» Problem description:
For this exercise, restate word for word only the lines from the one containing "Just Fab! heels" through the last line below. Pictures do not get copied.

» Records for this task:
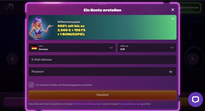 - Wähle jetzt den gewünschten Bonus sowie dein Land und deine Währung aus. Gib danach noch deine E-Mail-Adresse sowie ein Passwort ein und klicke danach auf den Button „Senden“.
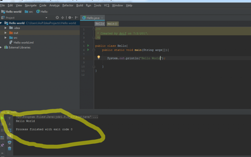 আগের দিনের প্রোগ্রামটি আমরা আজ রান করছি তবে সেতি IDE এর মাধ্যমে। আগামি দিন থাকে আমরা কোড গুল বুঝার চেস্টা করব এবং বুঝব। যদিও আজথাকে বুঝার কথা ছিল কিন্তু আমার মনে হয় IDE setup করার পর থেকে বুঝা ভাল হয়।
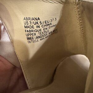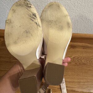 Just Fab! heels in US size 7. cream colored with rose gold tint. very reflective. almost new. worn once for a bridesmaid. has ties to tie in bow around lower leg.
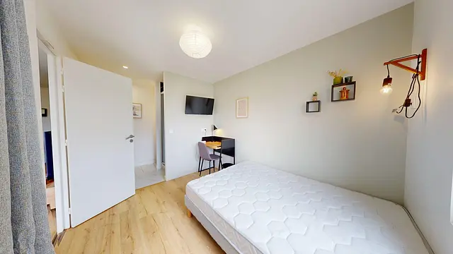 Les chambres sont toutes équipées d’un lit double, d’un bureau, d’une télévision et d’un placard de rangement.
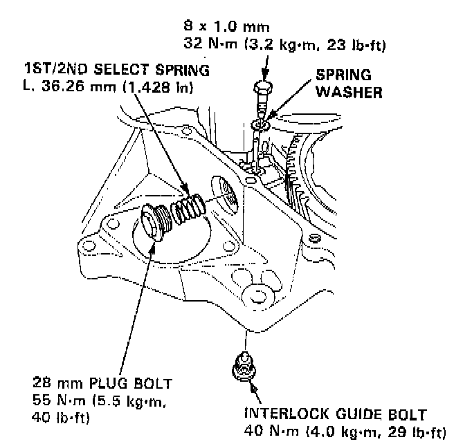 14. Install the 1st/2nd select spring, 28 mm plug bolt, and interlock guide bolt.

» Response to this task:
 Just Fab! heels in US size 7. cream colored with rose gold tint. very reflective. almost new. worn once for a bridesmaid. has ties to tie in bow around lower leg.
 Les chambres sont toutes équipées d’un lit double, d’un bureau, d’une télévision et d’un placard de rangement.
 14. Install the 1st/2nd select spring, 28 mm plug bolt, and interlock guide bolt.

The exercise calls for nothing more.